The function argument is called a continuation, and it represents "the rest of the computation". The task of each of these functions is to take the state object given to it, construct a new state object from it in some way, pass that new state to the continuation, and return whatever the continuation returns.

We can define the term "monad" in another way now: A monad is the collection of all functions that follow this pattern, for some particular type of state object. (This is not quite the full definition of a monad, nor the most general one, but it will do for now.)

In our case, the state object is a set, so I'm going to call this kind of function a "set manipulating function", or SMF (which you can pronounce "smurf" if you feel so inclined).

When creating a monad, the first thing you need to do is write some functions for performing primitive operations on the state. For our purposes here, we only need one operation, that of adding an item to the set. So our first SMF will be:
def add(x, f, s):
return f(s | {x})
Here, f is the continuation and s is the input state. The output state passed to the continuation is the input state with the element x added.
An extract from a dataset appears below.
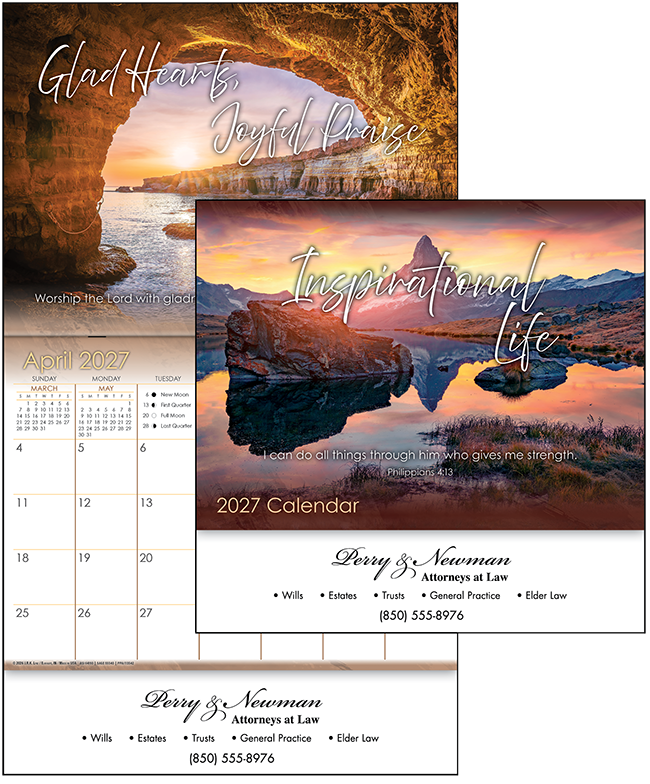 The Inspirational Life calendar features beautiful scenic pictures alongside scripture readings. This outstanding appointment calendar is a non-denominational calendar that appeals to a wide market.

Note that we build a new set instead of modifying the one we were given, so we are not breaking any functional rules.

Another thing we will want to be able to do is turn the set into a list, because the problem specification said we were to produce the result as a list, not a set. So let's define another SMF to do that:
def listify(f, s):
return f(list(s), s)
Note that this function does not return the list – instead, it passes it as an extra argument to the continuation. This is a general characteristic of functions belonging to a monad – if the function produces a result, it does so by passing it to the continuation.

Also, because it doesn't need to change the state in any way, listify just passes the state it was given on to the continuation.

Now we can express the dedent computation itself in the form of an SMF:
def dedup(l, f, s):
if l:
return add(l[0], lambda s2: dedup(l[1:], f, s2), s)
else:
return listify(f, s)
This may look rather convoluted, but it breaks down like this. If the list is not empty, we add the first element of the list to the set, giving a new set s2. We then recursively dedup the rest of the list, using s2 as the starting state.

If the list is empty, then we are finished, so we listify what we have and pass that to our continuation.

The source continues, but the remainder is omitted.